Замочная скважина: Наследие
Шрифт:
Это была вынужденная мера.
Тогда я, наконец-то, и узнала, что случилось с моим домом и трупами, которые мы там оставили.
Обрывки воспоминаний хранились в моей памяти, но в том своем состоянии я не могла их соединить воедино. К тому же, для цельной картины произошедшего – я многого не знала. Но папа рассказал мне, что на самом деле стало с телами когда-то любимых мною людей, зачем это было сделано и как теперь необходимо в связи с этим поступить нам самим.
Думаю, наш спешный отъезд из Штатов без планов на возвращение – стал
…В тот день, день Трагедии, я не помнила, что было после того, как папа зашел в мою комнату. Где я, скорчившись, сидела на полу и опиралась на спинку кровати. Он присел, обнял меня, а потом я помню уже только комнату в его пентхаусе.
Точнее, свою комнату.
Свою комнату в его пентхаусе.
Долгое (относительно моего времяисчисления, где каждая минута за год) время я даже не задавалась вопросом, что там произошло и что там теперь. Конечно, стоило задуматься, что что-то в тот день было, хотя бы потому, что я не могла сидеть в своей комнате там, а потом резко оказаться в другом конце города с пробелом в памятью.
Но тогда пробел в памяти был не самой большой моей проблемой. Однако, стал.
Вначале папа не грузил меня этим.
Когда я больше походила на овощ, у него была лишь одна задача – хоть как-то вытащить меня из этого болота, пока я не ушла туда с макушкой.
Однако, едва я стала отплевываться от трясины, которой успела хлебануть – как он обрушил на меня новое заявление:
– Мы уезжаем.
– Что? Куда?
В новый город?
Зачем? У него здесь прекрасный дом.
– Не знаю – отмахивается, но, заметив мое растерянное выражение лица, садится напротив на корточки и берет мою ладонь в свои – но нам надо срочно уезжать. В другую страну. Куда-нибудь подальше.
– Что?
В другую страну?
Зачем нам уезжать в другую страну?
– Когда?
– Не знаю – вновь поднимается – завтра.. может послезавтра. Как будут готовы документы.
– Какие документы?
– Поддельные.
Ничего не понимаю.
Я не успела разобраться с прошлым, как на меня уже падает не менее непонятное будущее.
–
– Ага.
– Папа! – вскакиваю – что значит послезавтра? Мы не можем так сорваться! Нам нужно похоронить маму и Нейта.
Он вздыхает. Какое-то время смотрит перед собой, играя языком по верхней губе. Видимо, над чем-то размышляет.
После чего заявляет:
– Не нужно.
– Почему? – я вновь, как парой дней назад, одергиваюсь, когда он пытается меня коснуться – я никуда не уеду, пока не похороню их!
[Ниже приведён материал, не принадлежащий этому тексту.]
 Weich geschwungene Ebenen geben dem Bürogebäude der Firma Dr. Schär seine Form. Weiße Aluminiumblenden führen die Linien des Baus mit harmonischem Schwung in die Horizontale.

– Да нечего уже хоронить – цедит он – они сгорели.
– Что? – мой рот вытягивается беспомощной буквой «о».
Неужели я еще и дом подожгла, да не помню об этом?
Я не только их убила, но еще и уничтожила последнее, что от них осталось?
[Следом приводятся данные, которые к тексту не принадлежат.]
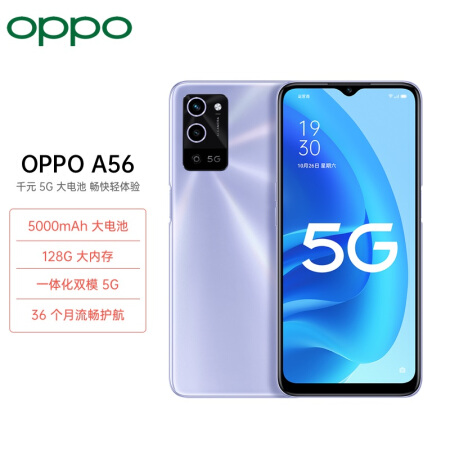 OPPO A56 风铃紫 4+128GB 一体化双模5G 128G超大存储 5000mAh大电池 5G手机 【顺丰包邮】 【延保一年】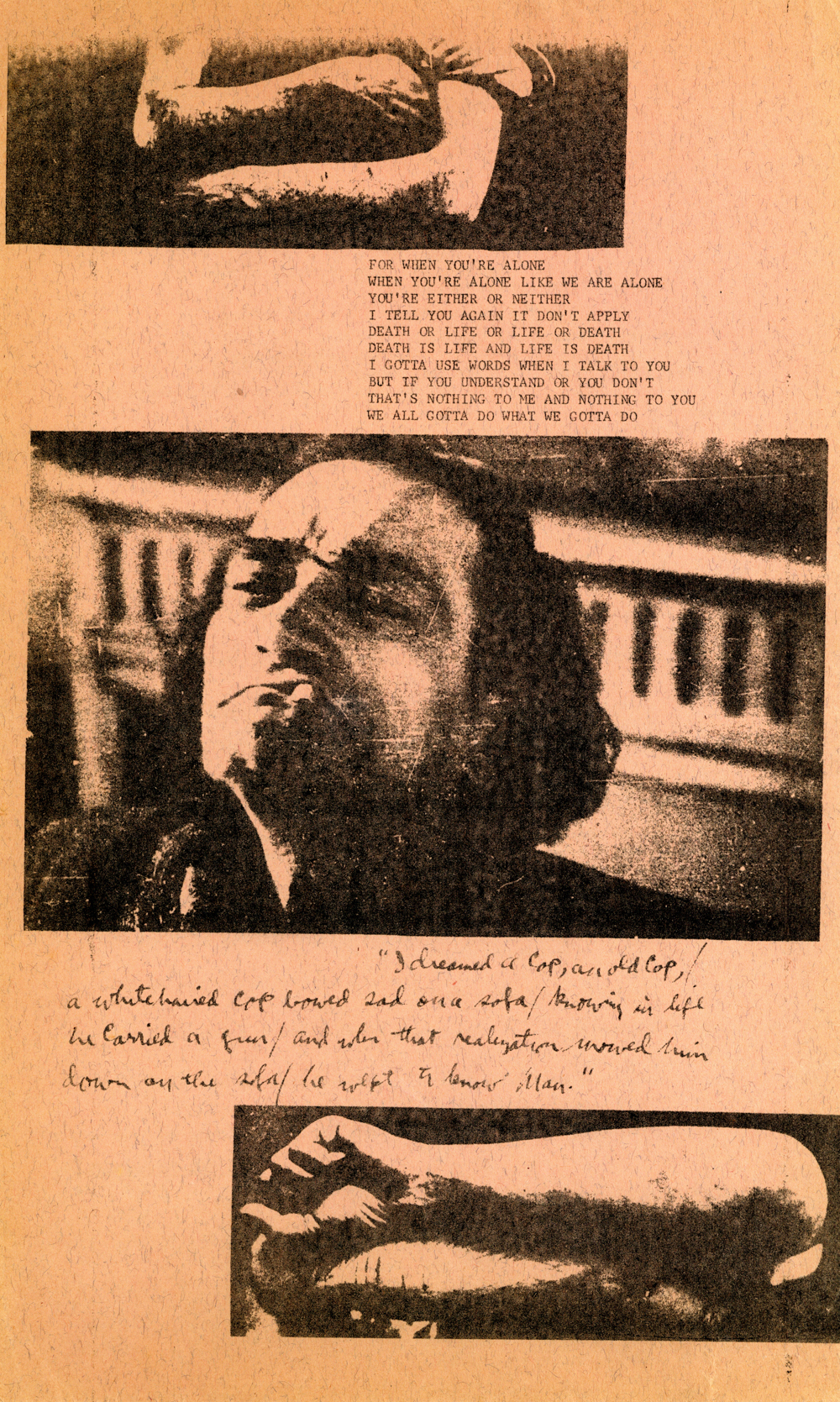 Cat. No.: FC-1-011b Full record BibCit: n.d., ca. 10/1/1967. Broadsheet. San Francisco: Free City Collective. Collection: SOLA-o; SS-o (MH). Abstract: Combines blurred photographic images, typed verse, and a handwritten dream fragment to create an atmosphere of solitude, mortality, and psychic unease. The repeated reclining figure, the stark portrait, and the lines about being alone and the interchangeability of life and death give the piece the feel of a dream document or private visionary notebook rather than a polemical broadside. In the context of Free City, it suggests the extent to which the project could also make room for intimate, haunted, inward material alongside its more public calls to action.

Папа подхватывает меня, решив, что я падаю – хотя я всего лишь пошатнулась:
– Эй, солнышко, ты чего?
– Я их сожгла, да?
– Что? – изумляется – боже, нет.
– Почему я ничего не помню?
– Ты была в шоке. И ждала меня в машине.
– Что случилось?
Я боюсь, что он начнет молоть ерунды типо «пошли, присядем», или «не волнуйся, дыши» или еще что-то.
Но папа, как всегда, прямолинеен:
– Я поджог дом. Он сгорел почти дотла. От трупов остались одни кости. Пока их отправят на экспертизу в Вашингтон – мы успеем свалить. До того момента мы числимся погибшими. Сгоревшими там же. Пока это не опровергнут столичные ученые, у нас есть фора.
– Что?
Чувствую себя рыбкой Дори.
Вроде бы мне все объясняют, но я не перестаю пребывать в прострации.
Совершенно не понимаю, что вокруг происходит.
– Ты сжег дом? Зачем? Почему нас считают погибшими?
Если мы здесь.
Неужели не очевидно, что там на два тела меньше?
– Если бы «наших» тел не досчитались, то первым бы делом начались наши поиски.
– И что?
– Джи, милая, ты умная девочка, но сейчас невероятно тупишь – он натужно улыбается, хотя я вижу, насколько он напряжен.